Metro Detroit weather: Storms, heat and humidity
Small chance for overnight thunderstorm
DETROIT – If you’ve been watching the radar on our Local4Casters app (you can download it for free from the app store. Just search under “WDIV”), you saw a massive area of thunderstorms approaching Lake Michigan Thursday morning. It indeed looked ominous.
But it doesn’t look nearly as impressive now as it did earlier, which is counterintuitive to many of you. Why is it weaker now, during the hottest part of the day, than when it was cooler? Because this is a specific type of thunderstorm cluster called a mesoscale convective system (MCS). They blow up at night as the low level jet stream (LLJ) strengthens -- this fuels the system and keeps it going all night.
Then, when the LLJ starts weakening as the day progresses, the batch of storms becomes less organized. Sometimes, the entire massive cluster of storms is gone within a few hours. So, while some thunderstorms are possible across Southeast Michigan this afternoon, and a few could become severe with strong wind gusts, don’t expect anything resembling what the radar looked like earlier.
There’s only the small chance for an overnight thunderstorm, so we shouldn’t get rocked out of bed tonight. However, the heat is on, so is the humidity, and it’s only going to get a lot worse over the next two days.
Humid air does not cool nearly as well as dry air, so lows tonight will only fall into the upper 70s (26 degrees Celsius), and remember that it’ll take all night to get there.
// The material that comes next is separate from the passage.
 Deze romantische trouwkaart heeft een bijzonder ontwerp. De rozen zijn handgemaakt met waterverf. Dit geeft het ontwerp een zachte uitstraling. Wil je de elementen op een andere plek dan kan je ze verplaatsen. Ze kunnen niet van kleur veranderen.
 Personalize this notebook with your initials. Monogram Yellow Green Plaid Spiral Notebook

We’ll be in the 80s most of the night. Not surprisingly, the National Weather Service has issued an Excessive Heat Warning until 8:00 p.m. Saturday.
Friday (TGIF!) will be dangerously hot and humid, with afternoon highs reaching the mid to upper 90s (35 to 37 degrees Celsius), and the humidity making it feel like 105 to 110 degrees (41 to 43 degrees Celsius). Scattered thunderstorms are possible once again. The best chance during the first half of the day appears to be near and north of I-69, with chances farther south later in the day.
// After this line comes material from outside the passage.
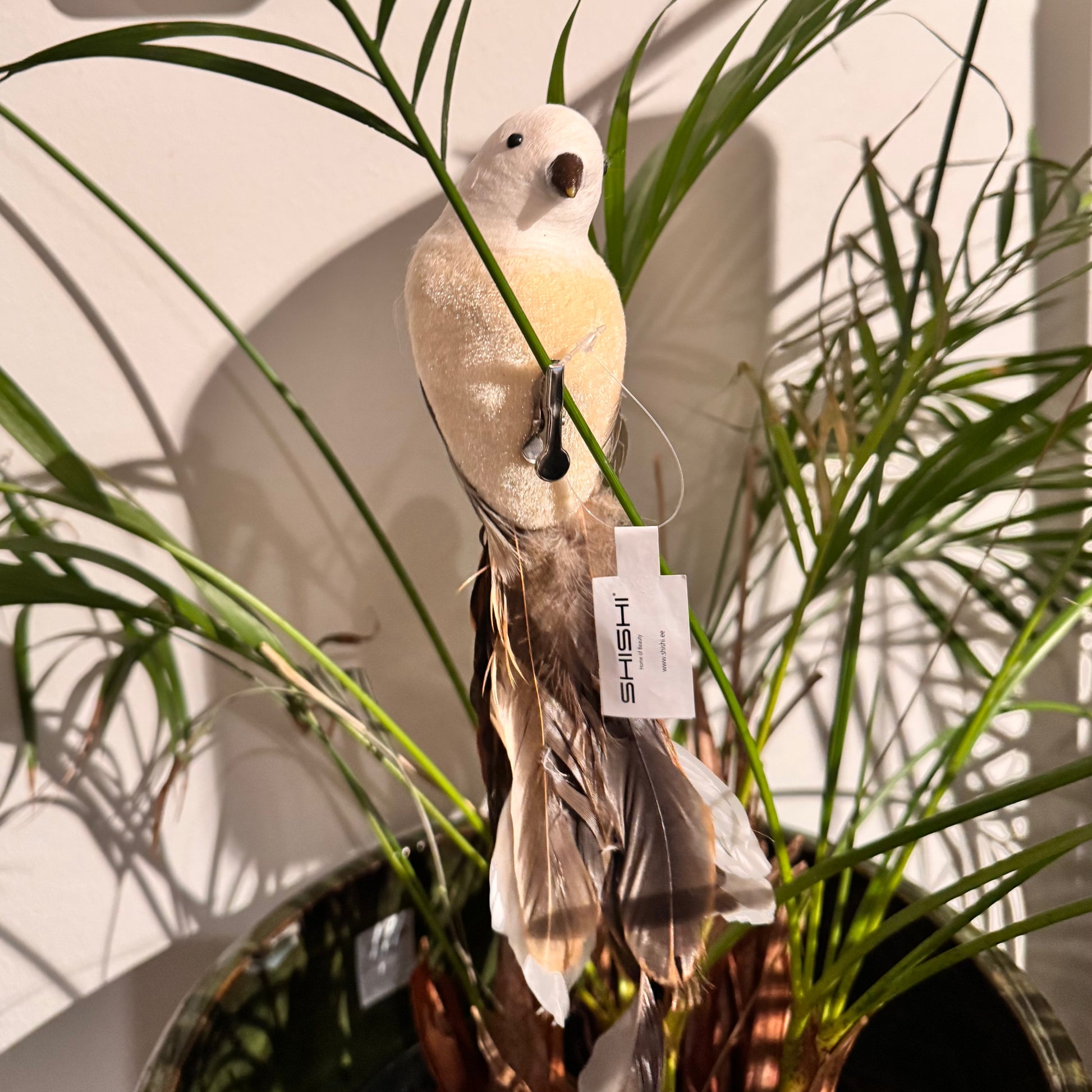 Söpö sisustuslintu klipsillä kaunistaa niin kranssia kuin kodissa viherkasveja.

Generally speaking, the farther south you are, the lower your thunderstorm risk. But any storm that does pop up, especially in the afternoon, could have strong wind gusts, so keep an eye on things on our app’s radar.
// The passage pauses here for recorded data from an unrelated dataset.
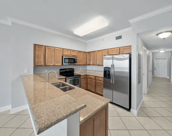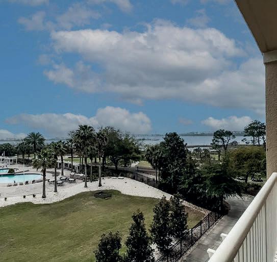 Experience relaxed Florida living at Magnolia Bay Club, from its gated entry and palm-lined drive to tranquil fountains welcoming you home. This top-floor residence offers sweeping bay views, a bright open layout, and a spacious living area with crown molding and tile floors. The kitchen features granite countertops, stainless steel appliances, and an eat-in bar flowing into the dining space. The primary suite includes a private entry, double vanities, jetted tub, separate shower, walk-in closet, and balcony access overlooking the water. Two additional bedrooms provide flexibility for guests, office, or playroom. Enjoy resort-style amenities including a waterfront pool, kayak launch, walking paths, gym, and community room—all within a secure, gated setting with covered parking. No short-term rentals; long-term leasing only.
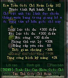 sinh lực + 300 Nội công + 30 điểm Phòng thủ vật lí 30% |
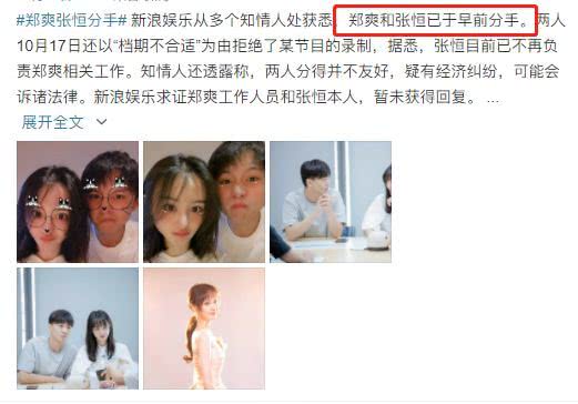 没有丝毫的预兆,#郑爽张恒分手#的tag就被各大媒体转载。并且宣称据知情人透露,两人早已分手,并有经济纠葛。

The sunshine and high heat and humidity also means that Friday will be another Ozone Action Day. Believe it or not, there are a few common sense things you can do that actually make a tremendous difference in reducing the emissions that are turned into ozone by the sunshine, heat and humidity:
Friday’s sunrise is at 6:14 a.m., and Friday’s sunset is at 9:05 p.m.
Warm and oppressively muggy Friday night, with lows in the upper 70s to near 80 degrees (26 to 27 degrees Celsius). By the way, we’re keeping a very close eye on that overnight low:Tthere have only been three occasions in recorded Detroit weather history in which an overnight low has not dropped below 80 degrees (27 degrees Celsius). We’ll be very close to that dubious achievement.
Dangerously hot and humid once again on Saturday, with another thunderstorm chance. Highs in the mid-to-upper 90s (35 to 37 degrees Celsius), with the humidity making it feel like 105 to 110 degrees (41 to 43 degrees Celsius).
Now for some good news: A cold front with substantial relief will approach either Saturday night or Sunday morning. Shower and thunderstorm chances continue ahead of the front, and then taper off behind it. It’s not clear how long the rain chance will extend into Sunday. We’ll try to get more specific about that tomorrow.
However, after another oppressively warm and muggy Saturday night, we should start noticing some relief from the heat and humidity by later in the day Sunday. In fact, if the front moves through quickly enough, we could even salvage Sunday afternoon, with highs in the mid 80s (29 to 30 degrees Celsius).
As mentioned yesterday, it appears that we’ll then have a spectacular stretch of summer weather all next week.
In case you missed them yesterday, here are some heat wave tips that will really help:
Heat stroke occurs when our internal body temperature rises to an unsafe level -- above 105° (41° Celsius). If you notice somebody in the heat exhibiting the following symptoms, call 911 immediately:
- Hot, dry skin (no sweating), despite the heat. The skin may also be red.
- Severe headache or dizziness
- Nausea and/or vomiting
- General weakness or severe muscle cramps
- Loss of consciousness
- Rapid heartbeat and rapid, shallow breathing
After calling 911, start first aid which, in this case, is simply trying to cool the person. If possible, put them in a tub of cool water. If that’s not possible, dampen their skin and fan them, or sponge them with cool water.
You can even use the cool water from a garden hose. Another very effective thing to do is putting ice packs under the armpits and in the groin area.
It’s vitally important to get the person’s core body temperature down as best you can until the EMS arrives. Even just moving them into some air conditioning helps. At the very minimum, at least get them into the shade.
If you know any elderly people who live without air conditioning, or somebody with very young children, please check on them when we hit the peak of this heat wave.